§ **Action item**:
Leave out the pictures and retype, exactly, the lines below from the line with "Šatní skříň do" up to and including the line with "Funda para ZTE", nothing more.

Items from a dataset

────────────────────

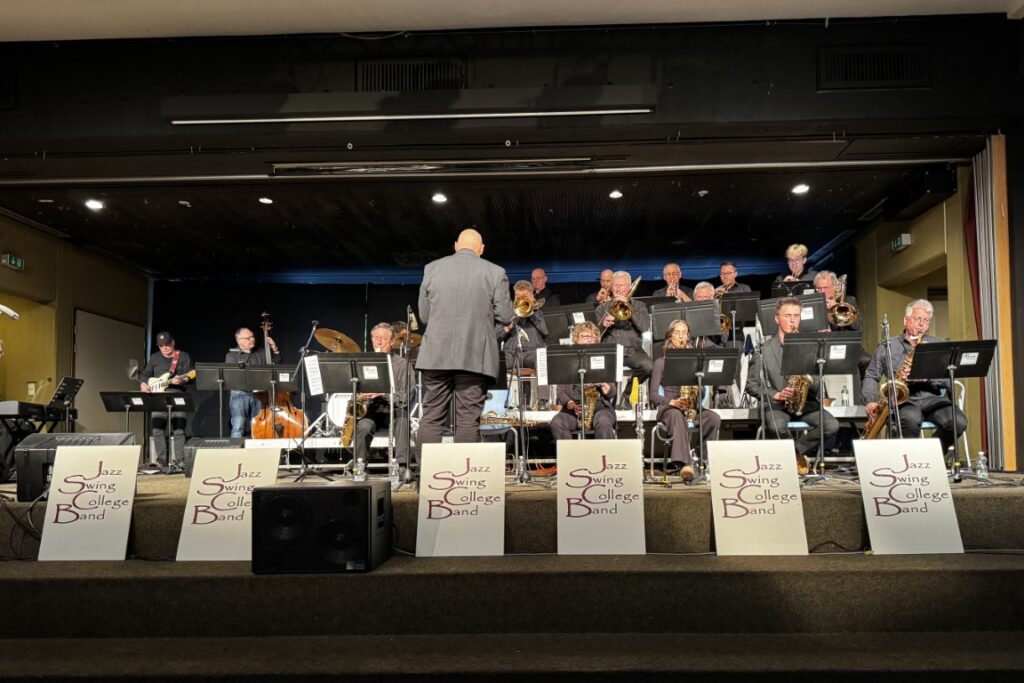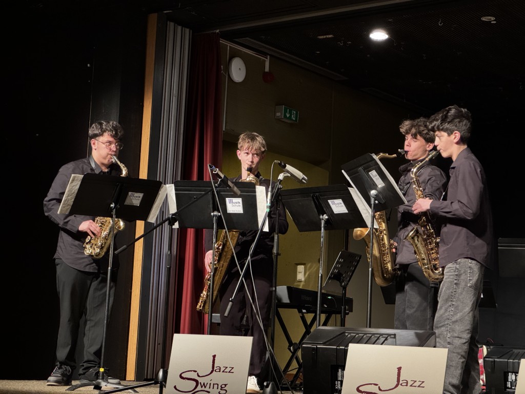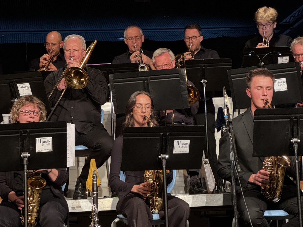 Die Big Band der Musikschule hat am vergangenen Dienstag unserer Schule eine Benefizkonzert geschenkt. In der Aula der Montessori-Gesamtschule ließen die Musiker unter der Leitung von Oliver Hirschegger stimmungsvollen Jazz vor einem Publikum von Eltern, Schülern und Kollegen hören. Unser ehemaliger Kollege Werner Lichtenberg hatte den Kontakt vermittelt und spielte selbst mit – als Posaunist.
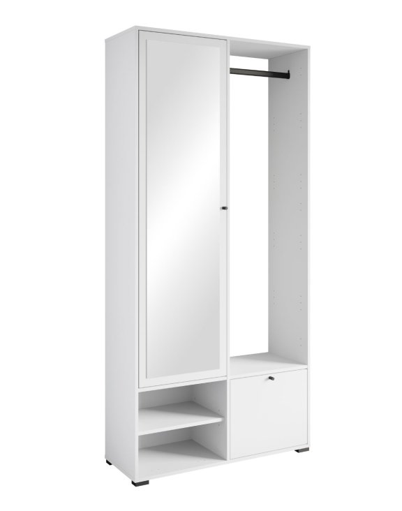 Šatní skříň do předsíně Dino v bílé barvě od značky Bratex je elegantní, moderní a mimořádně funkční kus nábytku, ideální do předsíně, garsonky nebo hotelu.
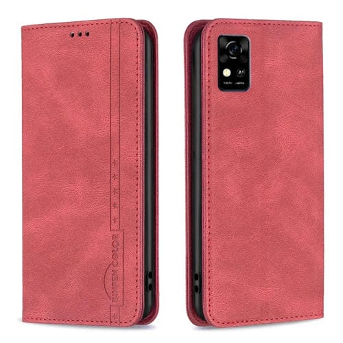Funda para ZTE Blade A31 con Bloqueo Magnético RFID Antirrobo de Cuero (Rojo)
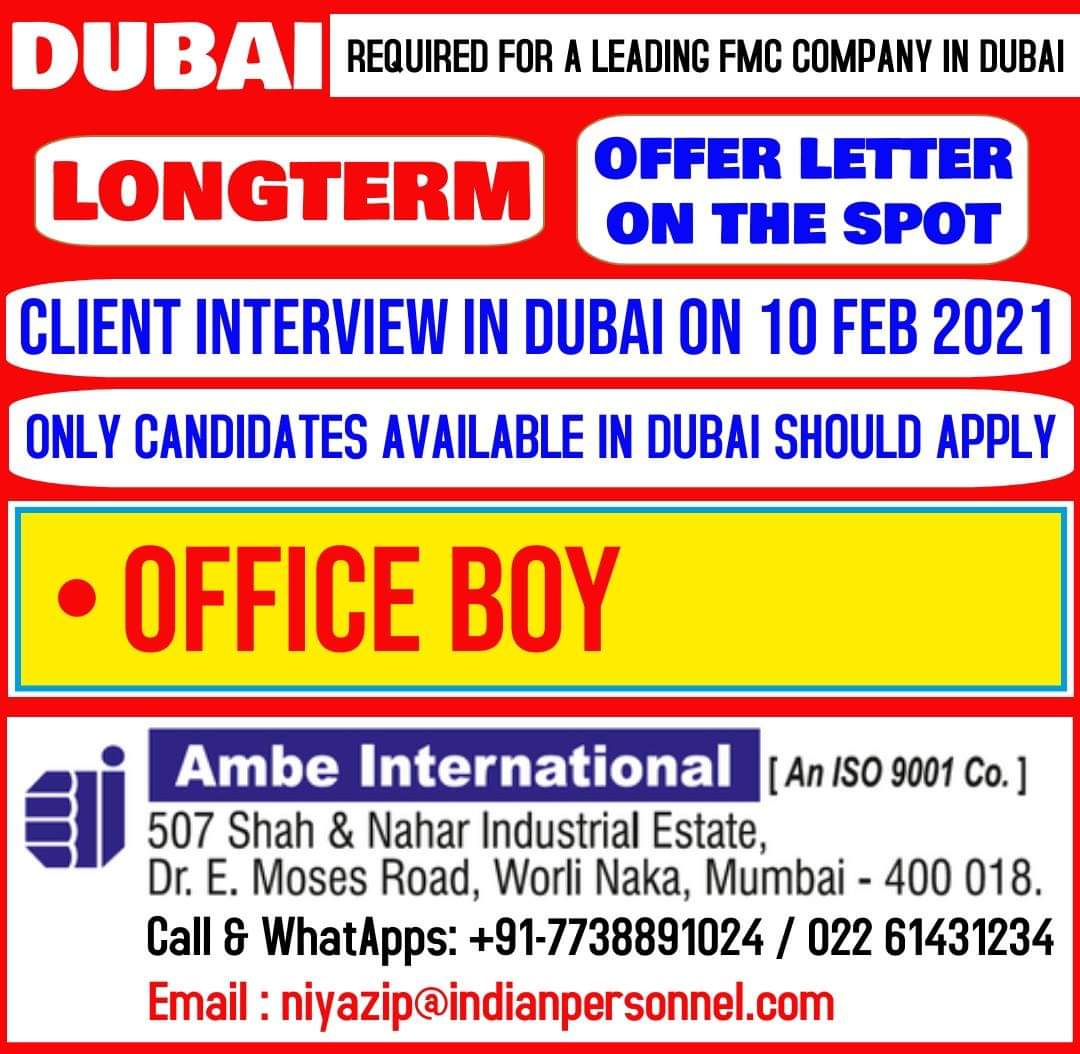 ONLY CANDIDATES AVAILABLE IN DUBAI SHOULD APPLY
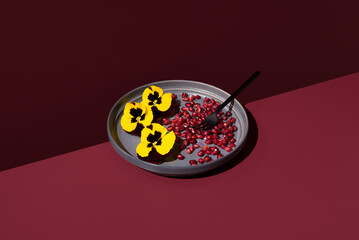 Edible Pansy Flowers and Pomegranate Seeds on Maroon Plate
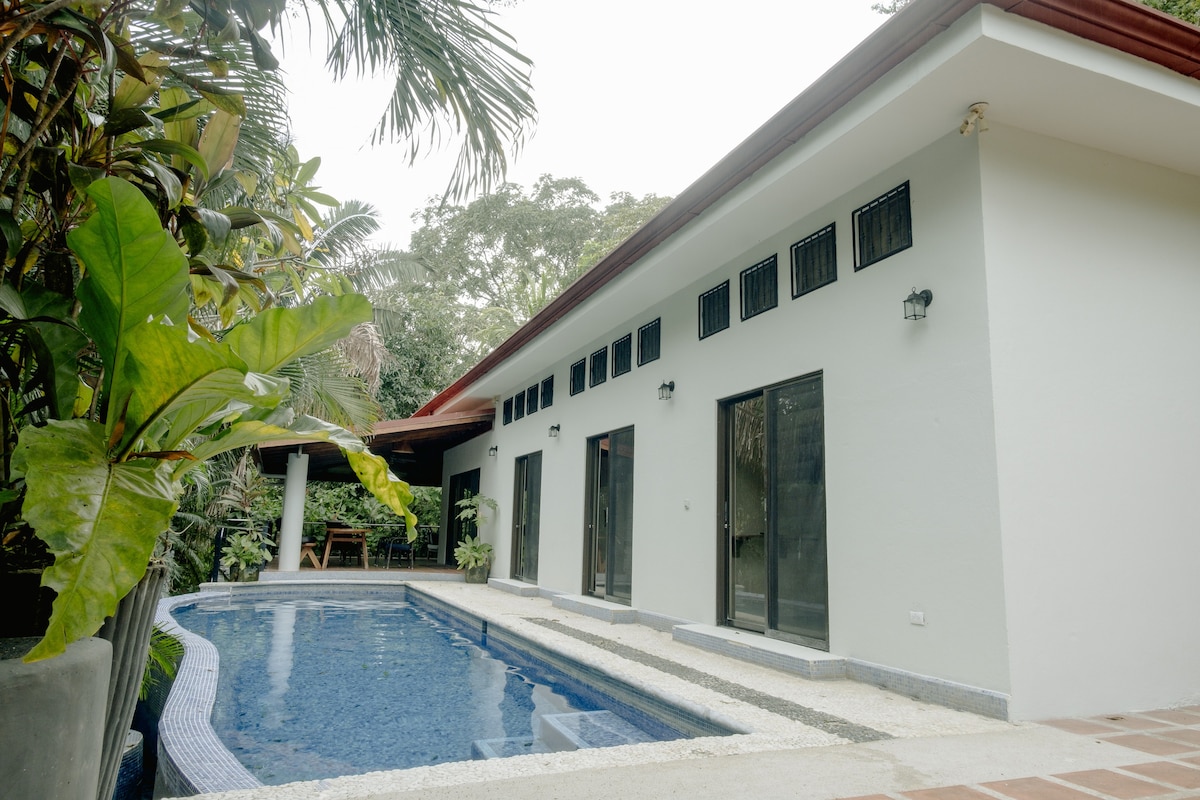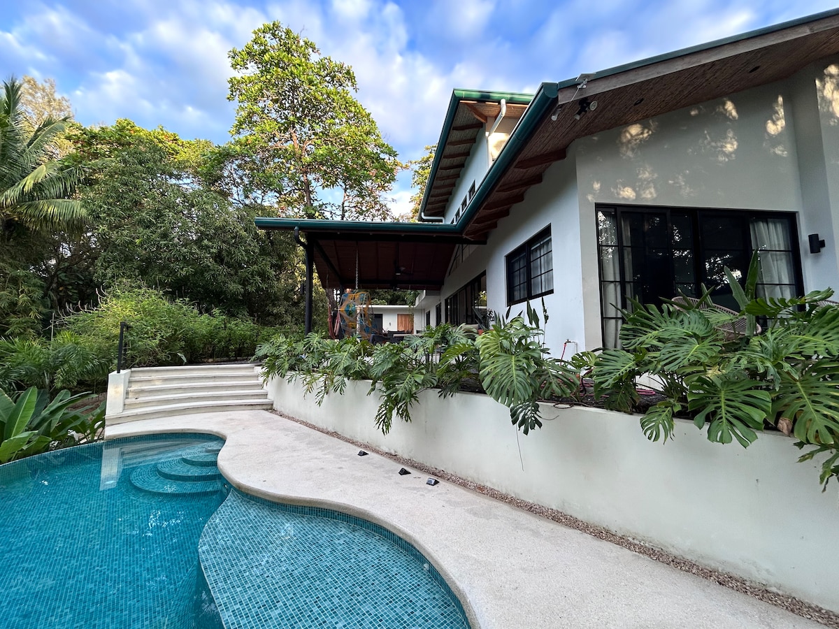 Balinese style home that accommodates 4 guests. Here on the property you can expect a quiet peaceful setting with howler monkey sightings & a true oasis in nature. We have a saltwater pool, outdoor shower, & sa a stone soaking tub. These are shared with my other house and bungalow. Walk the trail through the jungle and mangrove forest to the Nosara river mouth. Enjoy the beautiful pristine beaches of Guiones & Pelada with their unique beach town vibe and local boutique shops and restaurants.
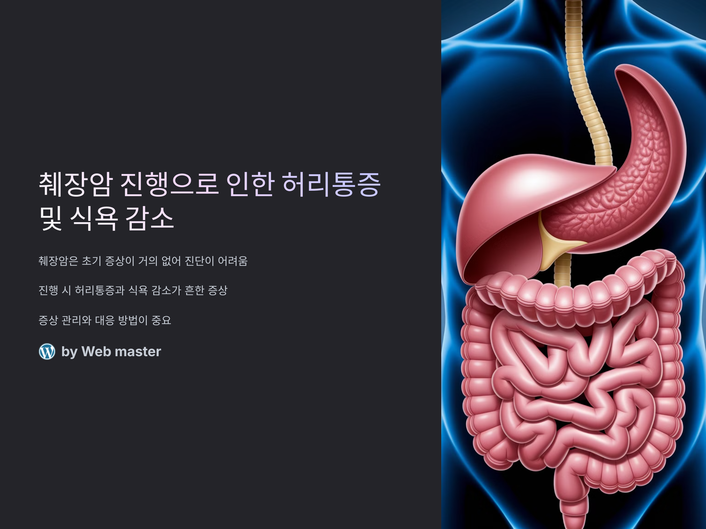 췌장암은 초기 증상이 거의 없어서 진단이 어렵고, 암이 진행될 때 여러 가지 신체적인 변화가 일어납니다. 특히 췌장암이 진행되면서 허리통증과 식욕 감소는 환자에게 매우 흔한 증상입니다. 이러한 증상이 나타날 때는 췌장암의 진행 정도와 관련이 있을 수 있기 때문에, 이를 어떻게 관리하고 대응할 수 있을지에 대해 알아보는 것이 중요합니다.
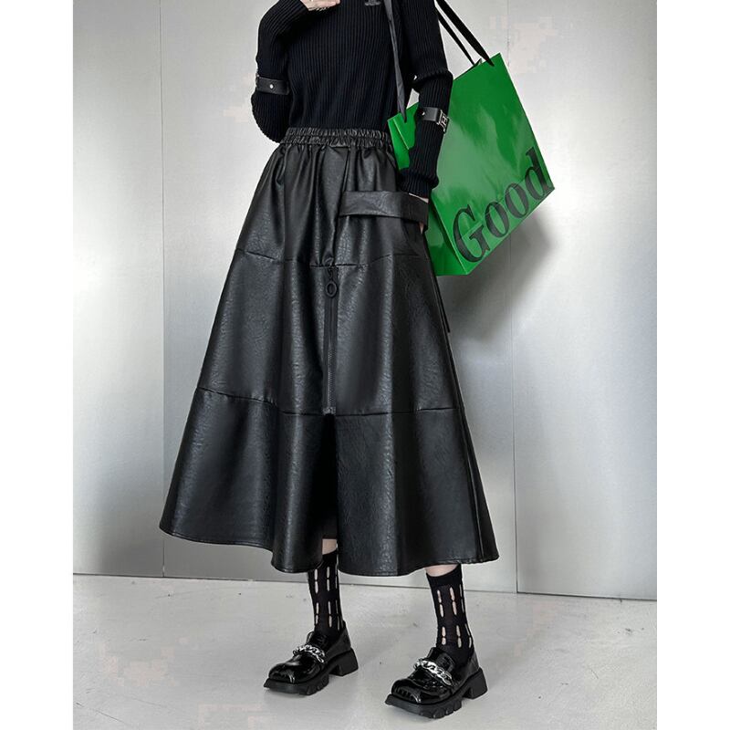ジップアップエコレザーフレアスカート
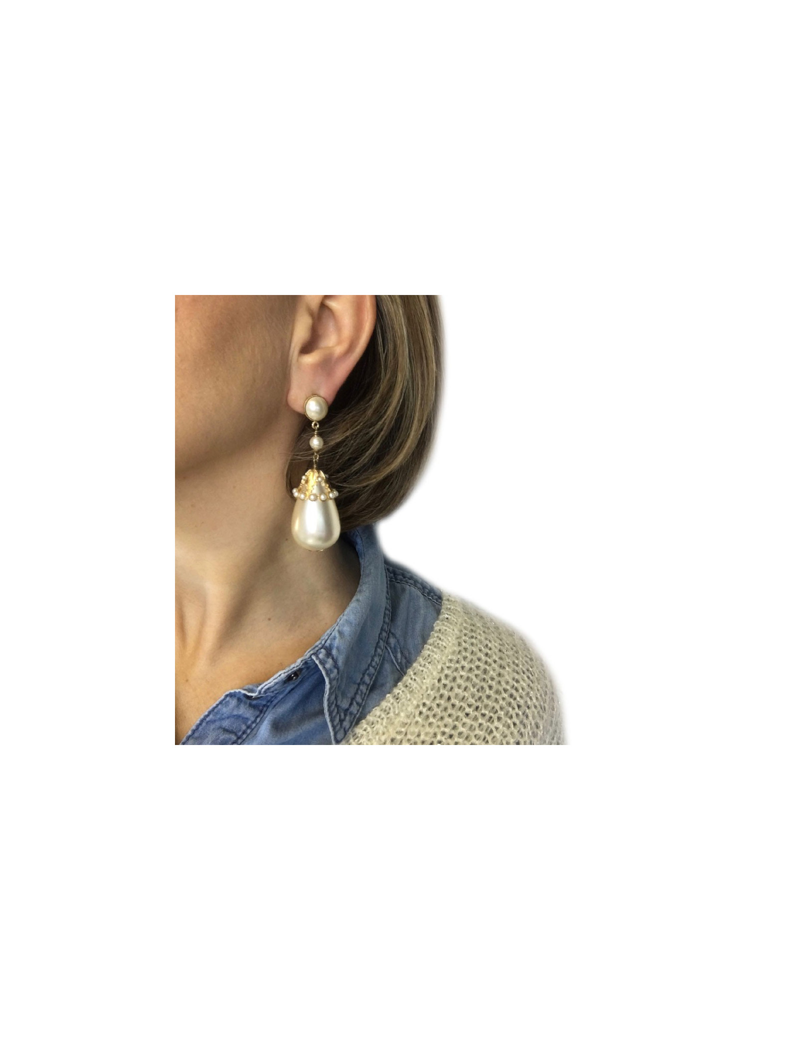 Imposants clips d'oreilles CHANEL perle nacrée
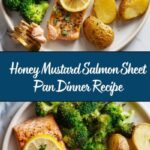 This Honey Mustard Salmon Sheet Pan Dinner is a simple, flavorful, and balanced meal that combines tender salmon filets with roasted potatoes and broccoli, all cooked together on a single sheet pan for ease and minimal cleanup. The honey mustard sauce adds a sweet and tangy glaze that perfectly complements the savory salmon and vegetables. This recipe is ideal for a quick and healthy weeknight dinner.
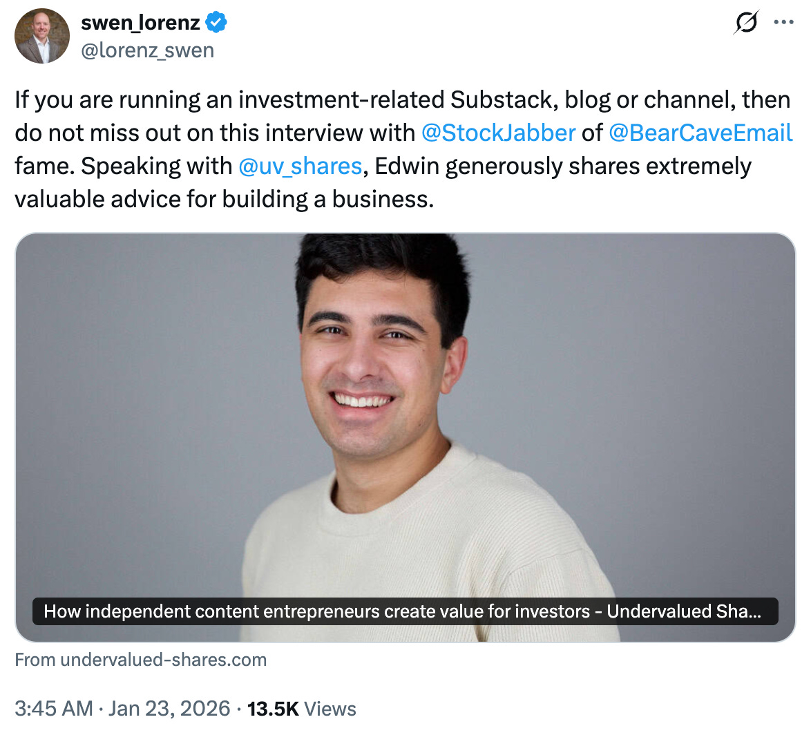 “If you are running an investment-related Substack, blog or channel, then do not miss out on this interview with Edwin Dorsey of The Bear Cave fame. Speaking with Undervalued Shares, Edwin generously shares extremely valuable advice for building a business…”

────────────────────

§ **Answer space**:
 Šatní skříň do předsíně Dino v bílé barvě od značky Bratex je elegantní, moderní a mimořádně funkční kus nábytku, ideální do předsíně, garsonky nebo hotelu.
Funda para ZTE Blade A31 con Bloqueo Magnético RFID Antirrobo de Cuero (Rojo)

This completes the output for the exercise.